-- Exercise goal --
Transcribe the entries that follow, every word as written, and drop the pictures.

START Record extracts

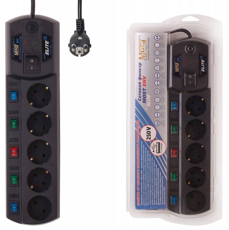Сетевой фильтр Most EHV 2м (5 розеток) черный (коробка)
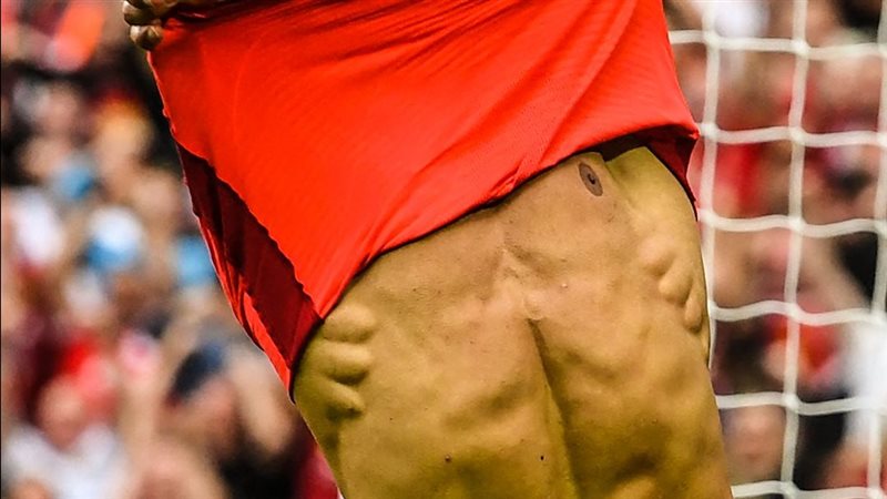 وعقب تسجيله الهدف قام محمد صلاح بخلع قميصه ليحصل على بطاقة صفراء من الحكم، لكن الشيء اللافت كانت بروز عضلات محمد صلاح عند خلع قميصه، وظهر في جانبي محمد صلاح مجموعة من العضلات التي أثارت الجدل الشديد بين رواد مواقع التواصل الاجتماعي.
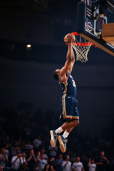 Professional photograph depicting a basketball player executing a slam dunk, the ball arcing through the hoop, a blurred cheering crowd in soft pastel colors providing a warm, slightly dark, and gentle background. Soft contrast, soft satura.jpg
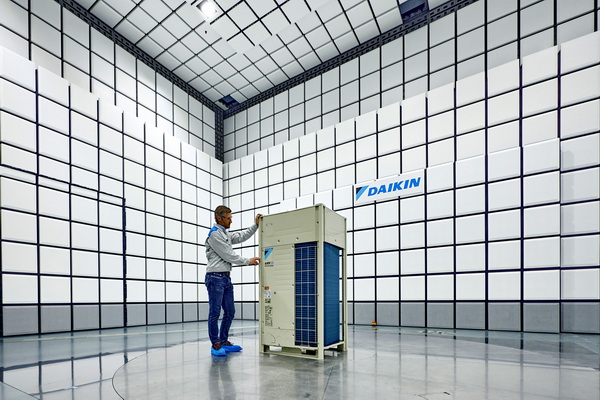 Voici ce que Daikin envisageait à l’origine : seulement un laboratoire de test de compatibilité électromagnétique. Deux ont été aménagés au rez-de-chaussée du nouveau bâtiment de laboratoire de six niveaux, soit 11 000 m2 au total. © Daikin / © PP
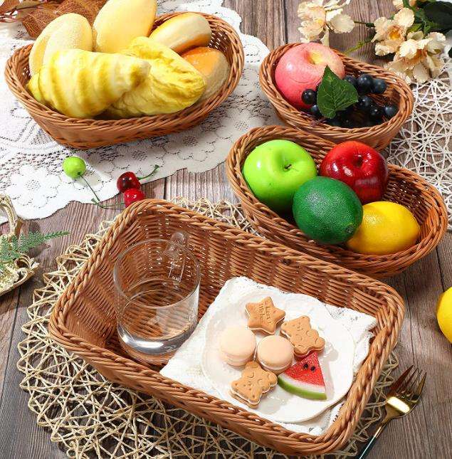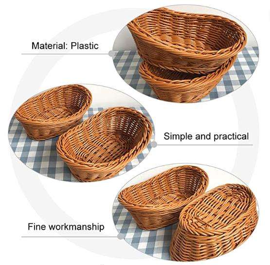 ตะกร้าโชว์ขนมปัง พลาสติกหวาย ทนทาน สำหรับซุปเปอร์มาร์เก็ต ผลไม้ ผัก สำหรับร้านเบเกอรี่ ร้านขายของเกษตร และการขายปลีก
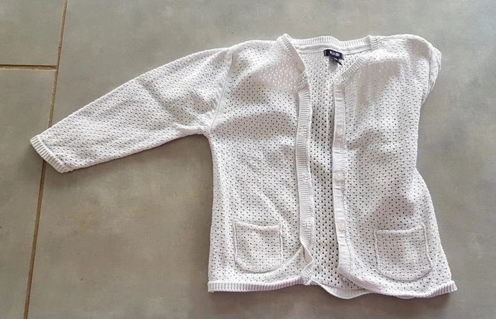 Gilet ajouré, de couleur blanc, de la marque Kiabi, taille 12 mois (73-76 cm), en très bon état. Article lavé pour la vente. #12moislae72

END Record extracts

-- Response --
Сетевой фильтр Most EHV 2м (5 розеток) черный (коробка)
 وعقب تسجيله الهدف قام محمد صلاح بخلع قميصه ليحصل على بطاقة صفراء من الحكم، لكن الشيء اللافت كانت بروز عضلات محمد صلاح عند خلع قميصه، وظهر في جانبي محمد صلاح مجموعة من العضلات التي أثارت الجدل الشديد بين رواد مواقع التواصل الاجتماعي.
 Professional photograph depicting a basketball player executing a slam dunk, the ball arcing through the hoop, a blurred cheering crowd in soft pastel colors providing a warm, slightly dark, and gentle background. Soft contrast, soft satura.jpg
 Voici ce que Daikin envisageait à l’origine : seulement un laboratoire de test de compatibilité électromagnétique. Deux ont été aménagés au rez-de-chaussée du nouveau bâtiment de laboratoire de six niveaux, soit 11 000 m2 au total. © Daikin / © PP
 ตะกร้าโชว์ขนมปัง พลาสติกหวาย ทนทาน สำหรับซุปเปอร์มาร์เก็ต ผลไม้ ผัก สำหรับร้านเบเกอรี่ ร้านขายของเกษตร และการขายปลีก
 Gilet ajouré, de couleur blanc, de la marque Kiabi, taille 12 mois (73-76 cm), en très bon état. Article lavé pour la vente. #12moislae72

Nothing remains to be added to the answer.